In matristic times (most of human existence) a woman's brother was no doubt the significant male in her home and to her children. Perhaps too her lovers were significant but NOT as husbands or fathers of her children. The connection between intercourse and what happened nine months later was (and in some places still is) not understood. Apparently a peaceful time. Matriarchy is not the opposite of patriarchy which exists today. There was a transformation from female 'rule' to male, i.e., from mother-birthing to father-usurpation of birth, from mother-right to father-ownership, from natural order to invented order. Many myths reflect this take-over--written to reconstruct society.

In fact, there is no sign yet of male imagery in the Paleolithic (one ithyphallic stick figure and a part-animal/man, maybe) and only something like 3 to 4% in the Neolithic. A painting/tear out: WHAT DOES IT MEAN THAT MALE IMAGERY IS ABSENT FOR MOST OF HUMAN EXISTENCE. Regarding matriarchy. Picture a naked male and a naked female. Note what she can do: bleed once a month in connection with moon phases and not die, produce another being and feed it for 2 years or so. Who do you suppose was listened to? Also she procured most of the food, although most 'manthropoligists' have had a hard time seeing that. (Man-the-hunter theory sold/sells lots of books.)
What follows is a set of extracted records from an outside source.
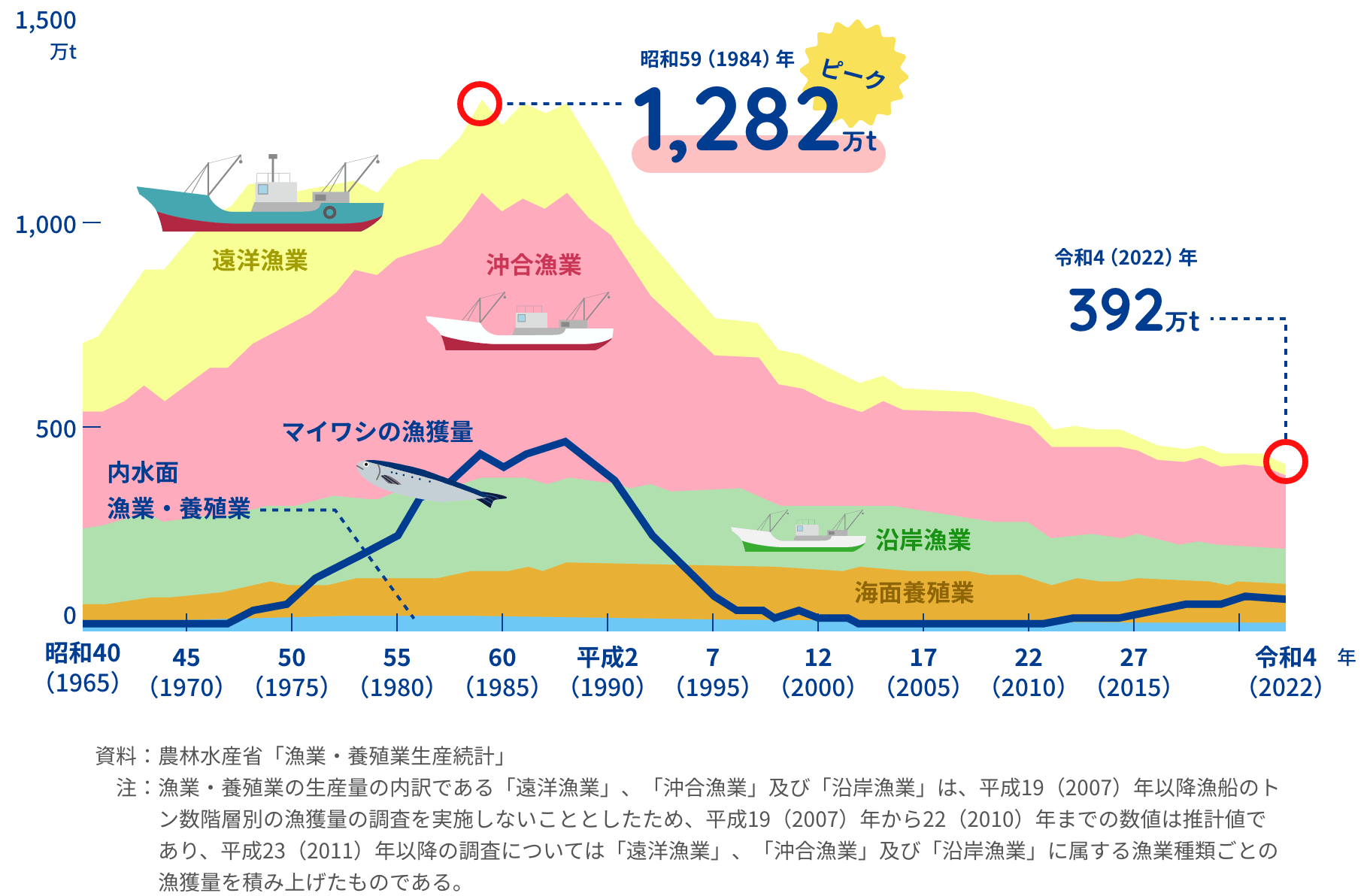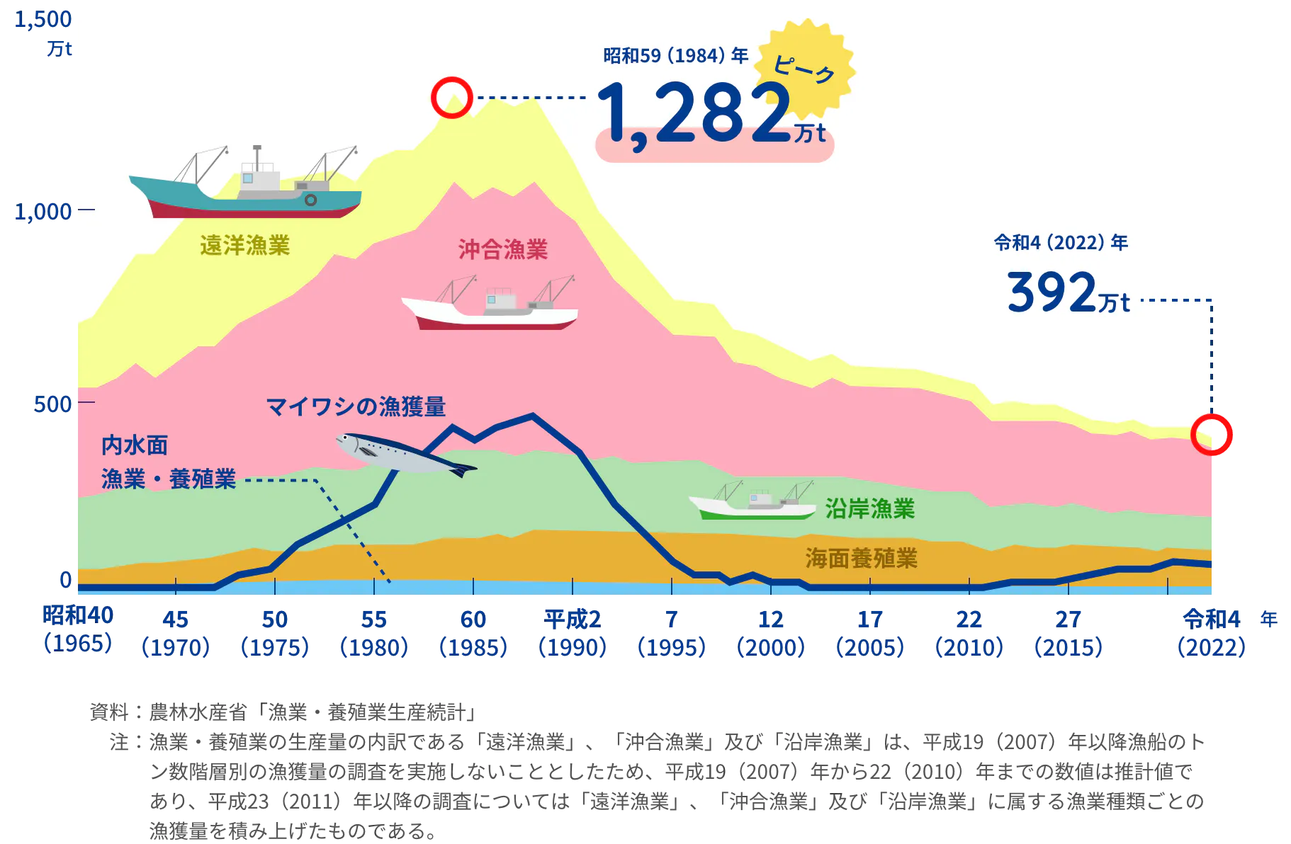 日本の漁獲量は1984年から減少傾向にあり、2022年にはピーク時の3分の1にまで減少しています。
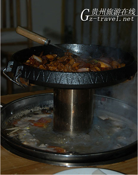 所谓的“幸福二重奏”就是上下两锅一起吃。上锅为烧烤锅,下锅为火锅汤锅。此种吃法在贵州很少见,有创意,很特别。 在上面的烧烤锅中可以把各种肉类和各种蔬菜放进锅里进行烧烤。口味可以选择,香辣、麻辣、酱香等口味都有。而且价格很便宜哦,肉类每盘10元,蔬菜类3——6元。可供烧烤的有牛肉、青红椒、洋葱、鸡皮、鸭菌、猪心、猪肉、耳块粑、臭豆腐等等。下锅是清润可口的火锅汤锅。有靓汤锅可免费享受(靓汤锅中的汤是用猪骨、鸡骨和鱼骨熬制);还有圆子汤锅,圆子是用鸡肉、鱼肉、猪肉、鸡蛋清混合而成,肉质嫩滑、口感鲜美,此汤中还加入了四种食用鲜菌使汤的味道更加鲜美。
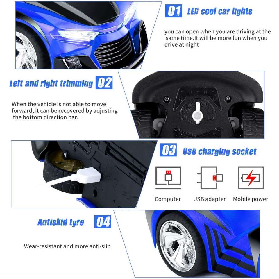 Juego de juguete de helicóptero y coche de carreras RC con comando de voz de 2,4G-Vehículos eléctricos de control remoto con baterías recargables USB

A small sculpture of a female knapped from flint has been dated c. 500,000 years ago!. Instead of men sculpting what are often called 'venuses' (groan), might not women--the informed--make art of themselves, of their capabilities, of their awesomeness?

A word I feel that is ripe for the garbage heap is girl. All children were called girl until the 14th century, when boy came about in written English. Not only is girl used in many ignorant and degrading ways but, oddly enough, it shows whether people can count. A painting/tear out: TV CAN MEN COUNT QUICK SOMEBODY GET AN AMBULANCE A GIRL'S BEEN SHOT HOW OLD IS SHE 8, 18, 28, 38. Noah and others, do you remember saying a number of times, 'young teenage girls' who are pregnant? How about: young women?

Recently a boy of 4 was abused and his plight reported in the local media. One commentator continually referred to the four-year-old as young man. It seemed that this was done to give him credibility and dignity as it was hoped he could testify in court. After the case was won he was called a four-year-old boy. I believe those who have reached the child-bearing years should be called young women and men. This would give them dignity by recognizing not only their new abilities but the responsibilities that go with such an important passage.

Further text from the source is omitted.